Exercise directions: Transcribe all of the records, leaving out any pictures.

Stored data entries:
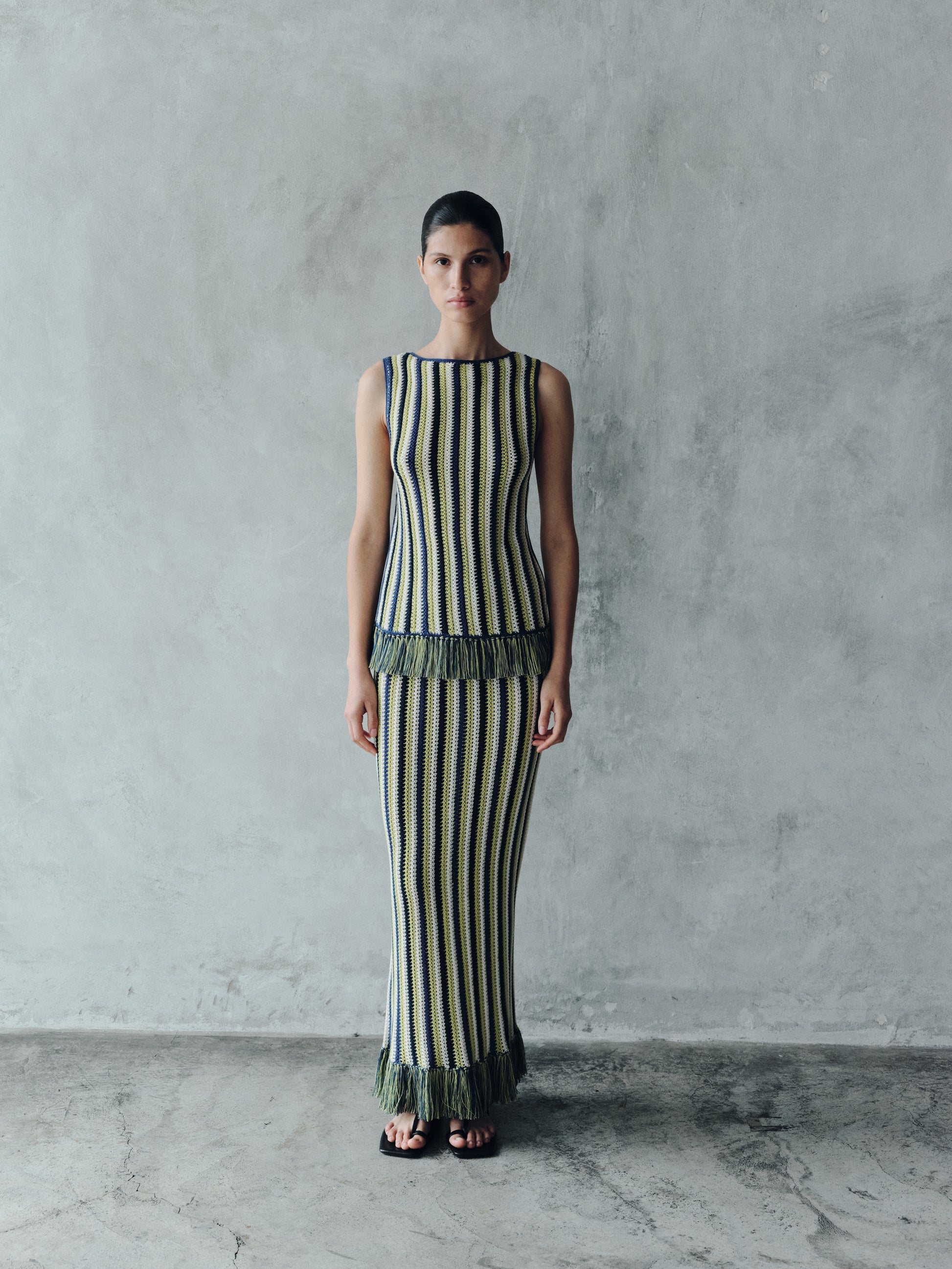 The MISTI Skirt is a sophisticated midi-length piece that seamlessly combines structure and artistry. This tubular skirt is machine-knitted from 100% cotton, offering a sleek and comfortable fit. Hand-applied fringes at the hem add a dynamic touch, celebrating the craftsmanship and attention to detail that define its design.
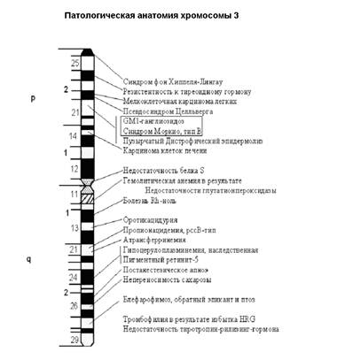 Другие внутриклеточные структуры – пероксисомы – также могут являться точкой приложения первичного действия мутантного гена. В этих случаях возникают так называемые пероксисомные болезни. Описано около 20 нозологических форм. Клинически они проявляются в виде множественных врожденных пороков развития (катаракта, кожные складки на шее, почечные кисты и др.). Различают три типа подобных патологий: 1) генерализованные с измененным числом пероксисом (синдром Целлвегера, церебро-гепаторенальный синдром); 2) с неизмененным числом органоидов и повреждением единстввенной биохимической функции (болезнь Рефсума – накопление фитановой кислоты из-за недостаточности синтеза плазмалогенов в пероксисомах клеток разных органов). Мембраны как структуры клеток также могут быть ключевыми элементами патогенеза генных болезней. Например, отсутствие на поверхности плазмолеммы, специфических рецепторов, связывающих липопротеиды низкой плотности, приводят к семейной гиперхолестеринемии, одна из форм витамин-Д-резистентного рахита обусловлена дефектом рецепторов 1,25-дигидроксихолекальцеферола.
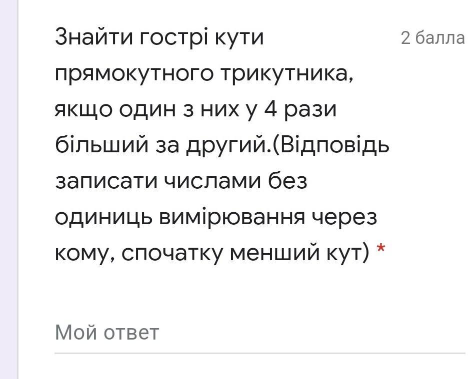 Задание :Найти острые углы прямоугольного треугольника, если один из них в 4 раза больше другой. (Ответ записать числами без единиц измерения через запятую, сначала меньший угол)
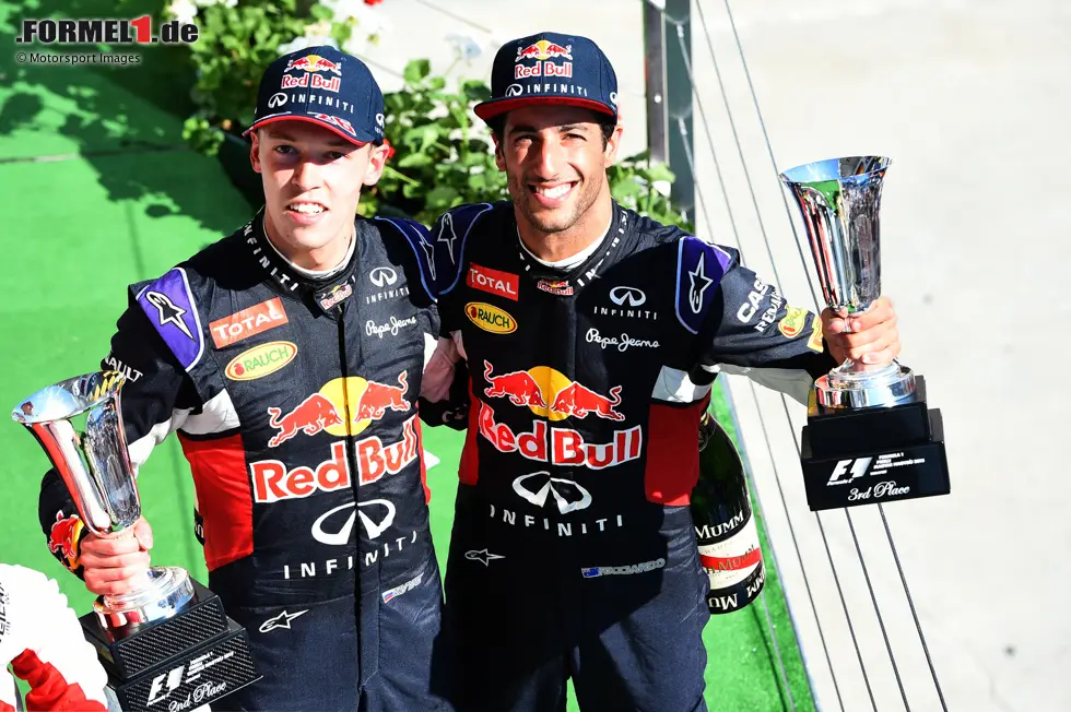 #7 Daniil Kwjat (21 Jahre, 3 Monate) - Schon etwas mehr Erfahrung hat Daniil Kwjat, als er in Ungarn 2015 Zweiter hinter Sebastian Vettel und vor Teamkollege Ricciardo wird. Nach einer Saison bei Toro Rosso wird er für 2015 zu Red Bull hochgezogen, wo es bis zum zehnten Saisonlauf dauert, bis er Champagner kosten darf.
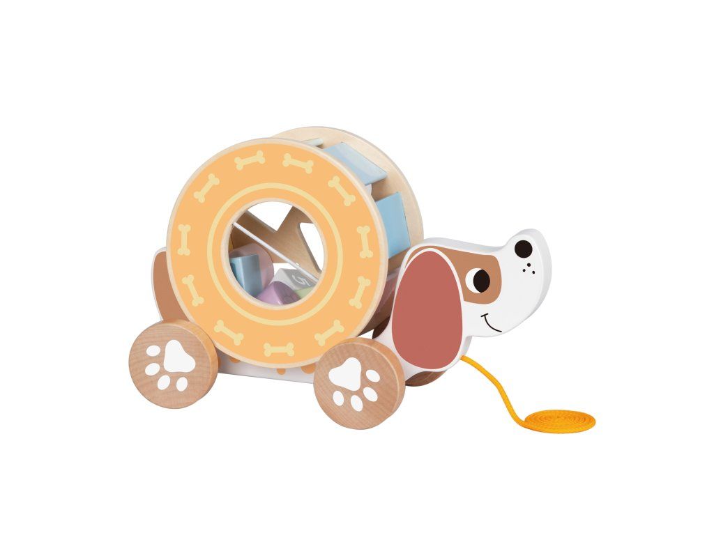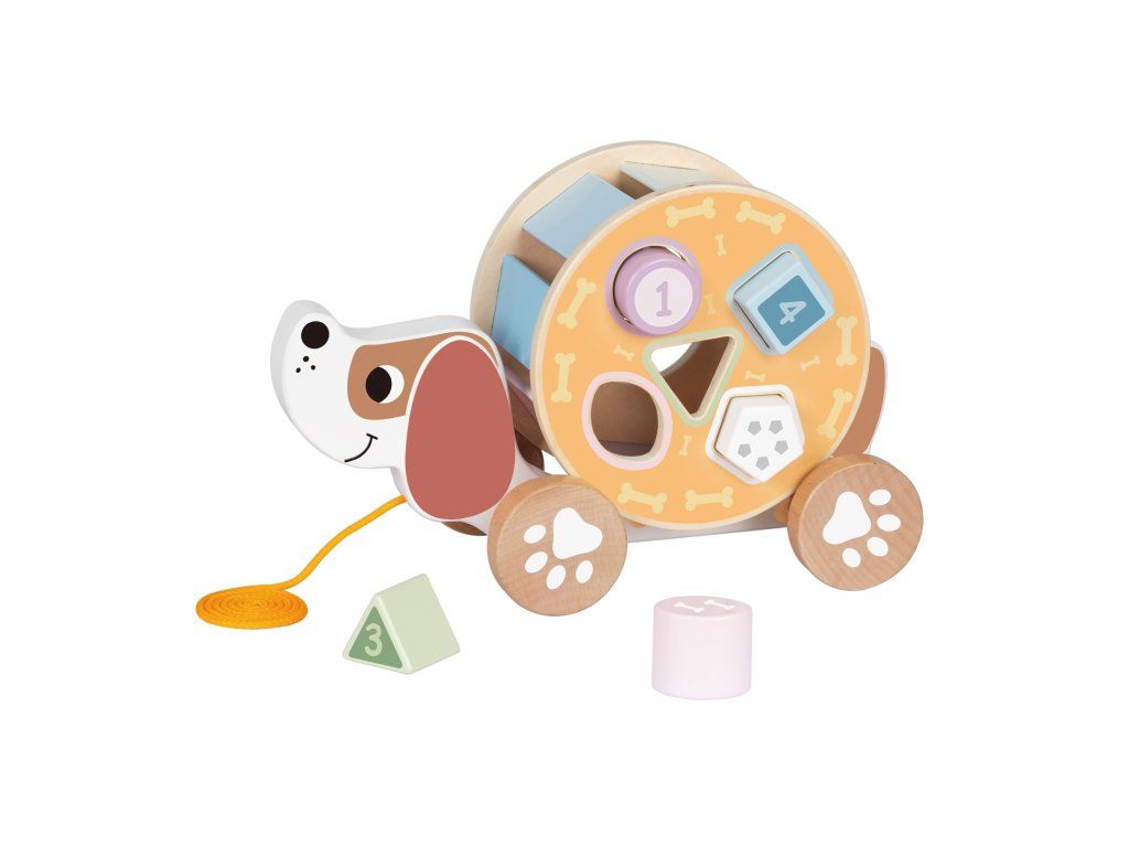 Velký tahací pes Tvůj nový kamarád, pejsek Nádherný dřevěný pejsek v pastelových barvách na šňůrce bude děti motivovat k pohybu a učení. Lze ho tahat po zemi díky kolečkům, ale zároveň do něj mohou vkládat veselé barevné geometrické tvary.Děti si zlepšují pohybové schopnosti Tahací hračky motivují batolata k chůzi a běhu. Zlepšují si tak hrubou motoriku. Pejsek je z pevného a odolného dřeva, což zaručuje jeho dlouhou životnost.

Answer section:
 The MISTI Skirt is a sophisticated midi-length piece that seamlessly combines structure and artistry. This tubular skirt is machine-knitted from 100% cotton, offering a sleek and comfortable fit. Hand-applied fringes at the hem add a dynamic touch, celebrating the craftsmanship and attention to detail that define its design.
 Другие внутриклеточные структуры – пероксисомы – также могут являться точкой приложения первичного действия мутантного гена. В этих случаях возникают так называемые пероксисомные болезни. Описано около 20 нозологических форм. Клинически они проявляются в виде множественных врожденных пороков развития (катаракта, кожные складки на шее, почечные кисты и др.). Различают три типа подобных патологий: 1) генерализованные с измененным числом пероксисом (синдром Целлвегера, церебро-гепаторенальный синдром); 2) с неизмененным числом органоидов и повреждением единстввенной биохимической функции (болезнь Рефсума – накопление фитановой кислоты из-за недостаточности синтеза плазмалогенов в пероксисомах клеток разных органов). Мембраны как структуры клеток также могут быть ключевыми элементами патогенеза генных болезней. Например, отсутствие на поверхности плазмолеммы, специфических рецепторов, связывающих липопротеиды низкой плотности, приводят к семейной гиперхолестеринемии, одна из форм витамин-Д-резистентного рахита обусловлена дефектом рецепторов 1,25-дигидроксихолекальцеферола.
 Задание :Найти острые углы прямоугольного треугольника, если один из них в 4 раза больше другой. (Ответ записать числами без единиц измерения через запятую, сначала меньший угол)
 #7 Daniil Kwjat (21 Jahre, 3 Monate) - Schon etwas mehr Erfahrung hat Daniil Kwjat, als er in Ungarn 2015 Zweiter hinter Sebastian Vettel und vor Teamkollege Ricciardo wird. Nach einer Saison bei Toro Rosso wird er für 2015 zu Red Bull hochgezogen, wo es bis zum zehnten Saisonlauf dauert, bis er Champagner kosten darf.
 Velký tahací pes Tvůj nový kamarád, pejsek Nádherný dřevěný pejsek v pastelových barvách na šňůrce bude děti motivovat k pohybu a učení. Lze ho tahat po zemi díky kolečkům, ale zároveň do něj mohou vkládat veselé barevné geometrické tvary.Děti si zlepšují pohybové schopnosti Tahací hračky motivují batolata k chůzi a běhu. Zlepšují si tak hrubou motoriku. Pejsek je z pevného a odolného dřeva, což zaručuje jeho dlouhou životnost.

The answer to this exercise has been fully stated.